So, Vrecaro, why don't you just buy the most expensive one and be done with it?


----------



## Dave KG (Feb 23, 2006)

spitfire said:


> If you go back to the OPs question, he points out he's only interested in looks. Now I don't own any of these waxes but *I'm 100% positive that if I lined up three cars with each wax on, no one would be able to tell the difference. *
> So, Vrecaro, why don't you just buy the most expensive one and be done with it?


I'm similarly positive  Although I have not used Crystal Rock out of these three, only the other two - Royale on my own car, felt very special applying it, but not convinced it looked any better than any other wax I have tried to be honest, nor did it last any better than say 476S, #16 or even its much lower priced sibling, Glasur.

But, I'm sure there's more to expensive waxes than simple on paper performance which is well beyond my comprehension  ... I'm going to head back to my polisher now


----------



## alxg (May 3, 2009)

^ Nicely put Dave, as always....


----------



## Alan W (May 11, 2006)

I've been fortunate enough to use Vintage and Royal and preferred the former.
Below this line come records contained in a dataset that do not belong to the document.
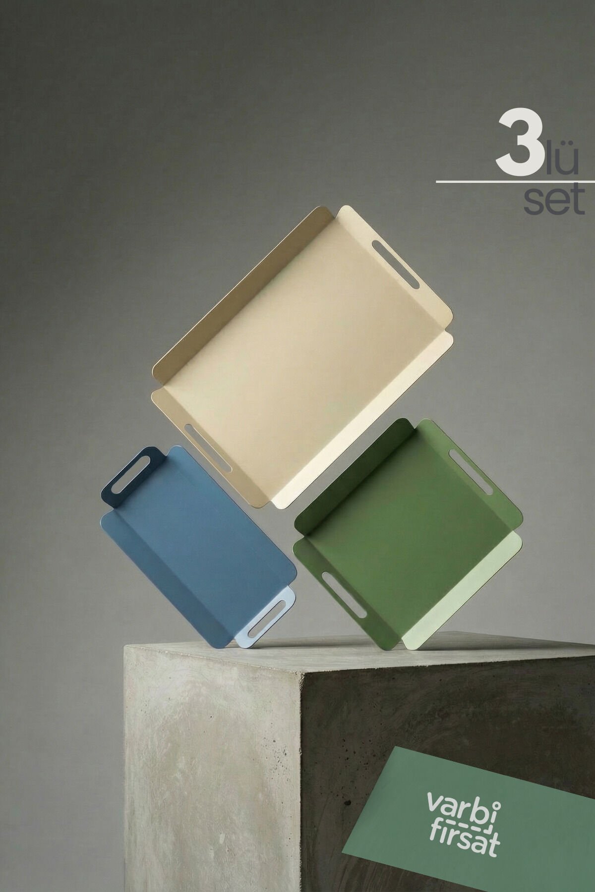 3’lü Modern Metal Tepsi Sunum Seti mettep3set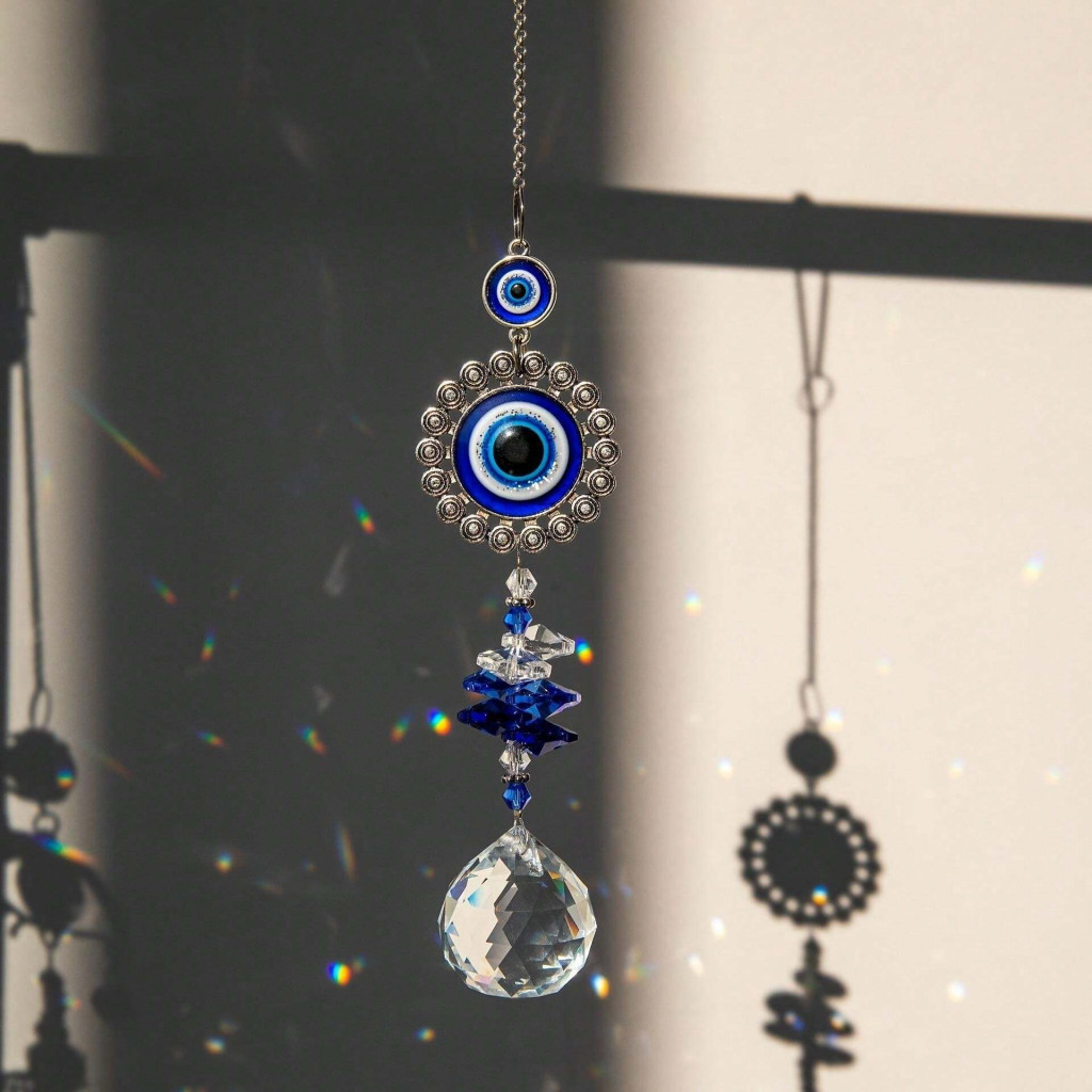 A Nazar szemes védelmező kristály függő a hagyományos szimbólum erejét hozza el otthonodba. Az ikonikus kék szem motívum régóta ismert a gonosz szándék és a negatív energiák távol tartásáról, így erőteljes védelmet biztosít a mindennapokban. Az alsó kristály a napfény sugarait szivárványszerű fényjátékra bontja, amely harmóniát, békét és különleges atmoszférát teremt a térben.
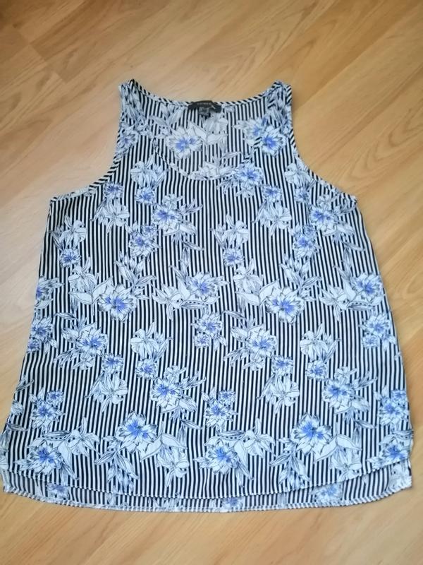 Симпатична, весела, легка блузочка, нова, без паперових бирок, спинка 62 см, перед від вирізу 48 см, плечі 28 см, ширина бретелі 2,5 см, пахви 49 см, низ 58 с , разрезики спереду 7 см, ззаду 11 див.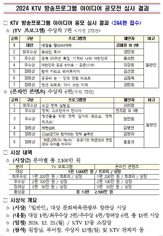 2024 KTV 방송프로그램 아이디어 공모전 응모 결과

Whilst they are very fine waxes, and the experience of using them is second to none IMHO, I've just bought some Collinite 476S to have a play with! :lol:

Deduce from that what you will! 

Alan W


----------



## badly_dubbed (Dec 11, 2008)

i have vintage and i prefer megs 16.

not joking either.


----------



## vrecaro (May 10, 2010)

I'd like to thank everyone who had given me their input on this subject matter. I also would like to thank those who had given me their thoughts via PM, unfortunately being the newbie in this forum I can't reply to PMs till I've reached a certain number of posts. 

As a result of the recommendations received, both on this forum and another, I've decided to forego Royale, and get both Vintage and Crystal Rock.


----------



## evotuning (Oct 16, 2009)

badly_dubbed said:


> i have vintage and i prefer megs 16.
> 
> not joking either.


seriously ?


----------



## badly_dubbed (Dec 11, 2008)

evotuning said:


> seriously ?


yea seriously


----------



## evotuning (Oct 16, 2009)

Just because Vintage is silly expensive and price can't justify results,or just Megs 16 simply performs better ?


----------